Why not just use SQL 2016 in-Memory tables for heavy write systems? Its even more powerful for non-durable tables. https://blogs.msdn.microsoft.com/sqlserverstorageengine/2016/12/02/transaction-commit-latency-acceleration-using-storage-class-memory-in-windows-server-2016sql-server-2016-sp1/
I’ve been very disappointed with all my proof of concept attempts to use in-memory tables. The speed increase has been very modest, and the bother to avoid the various limitations much larger than I dreamed.
I’m not even clear on whether using memory tables avoids any bottlenecks on logging, only on delayed persistence of the main db.
I received a great reply to this question from a Cosmos DB product manager (and have added to the blog post):
SQL in-memory is only viable when:
• Request and data volume are small enough to fit on a single machine. You still have the fundamental problem of hard limits due to scale-up model.
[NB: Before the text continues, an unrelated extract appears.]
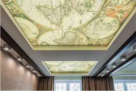 Світові стеліНатяжна стеля зі світлодіодним підсвічуванням усередині через світлопропускне полотно. М'яке та ровномірне світло яке освітлює всю стелю. Використовується в якості основного освітлення.

• Scenario does not need durability, reliability, or availability – which are requirements for >99% of mission critical customer scenarios.
Durability
• If data is kept in only in-memory, you experience data loss upon any intermittent failure that requires computer to restart (e.g. os crash, power outage, os decides it wants to reboot to update, etc.). In order for data to be durable, it needs to be persisted to disk. In order offer resiliency against disk failures, you will need to replicate to a number of disks.
• For durable scenarios – memory only acts as a buffer to absorb spikes. In order to achieve sustained write ingestion – you will need to flush the buffer as fast as you input into the buffer. Now you have a bottleneck on disk i/o unless you scale-out.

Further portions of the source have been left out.